# Requirement:
What you return must be an exact copy of the lines in the listing below between the line holding "首先便是最动乱的民国时代的展" and the line holding "طبيعة مشهد ورق", inclusive, and nothing more.

# Task input:
----

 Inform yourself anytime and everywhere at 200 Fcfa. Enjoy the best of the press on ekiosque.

----

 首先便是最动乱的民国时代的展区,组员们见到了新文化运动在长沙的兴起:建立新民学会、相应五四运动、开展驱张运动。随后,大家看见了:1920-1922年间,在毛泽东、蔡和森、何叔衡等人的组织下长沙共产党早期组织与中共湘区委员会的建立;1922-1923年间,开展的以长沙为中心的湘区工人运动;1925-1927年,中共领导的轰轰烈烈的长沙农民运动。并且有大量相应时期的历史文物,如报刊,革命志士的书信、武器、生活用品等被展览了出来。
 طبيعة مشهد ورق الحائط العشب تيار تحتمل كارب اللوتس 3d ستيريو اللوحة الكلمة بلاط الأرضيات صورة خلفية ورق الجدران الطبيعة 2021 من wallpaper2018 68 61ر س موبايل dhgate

----

# Completed exercise:
 首先便是最动乱的民国时代的展区,组员们见到了新文化运动在长沙的兴起:建立新民学会、相应五四运动、开展驱张运动。随后,大家看见了:1920-1922年间,在毛泽东、蔡和森、何叔衡等人的组织下长沙共产党早期组织与中共湘区委员会的建立;1922-1923年间,开展的以长沙为中心的湘区工人运动;1925-1927年,中共领导的轰轰烈烈的长沙农民运动。并且有大量相应时期的历史文物,如报刊,革命志士的书信、武器、生活用品等被展览了出来。
 طبيعة مشهد ورق الحائط العشب تيار تحتمل كارب اللوتس 3d ستيريو اللوحة الكلمة بلاط الأرضيات صورة خلفية ورق الجدران الطبيعة 2021 من wallpaper2018 68 61ر س موبايل dhgate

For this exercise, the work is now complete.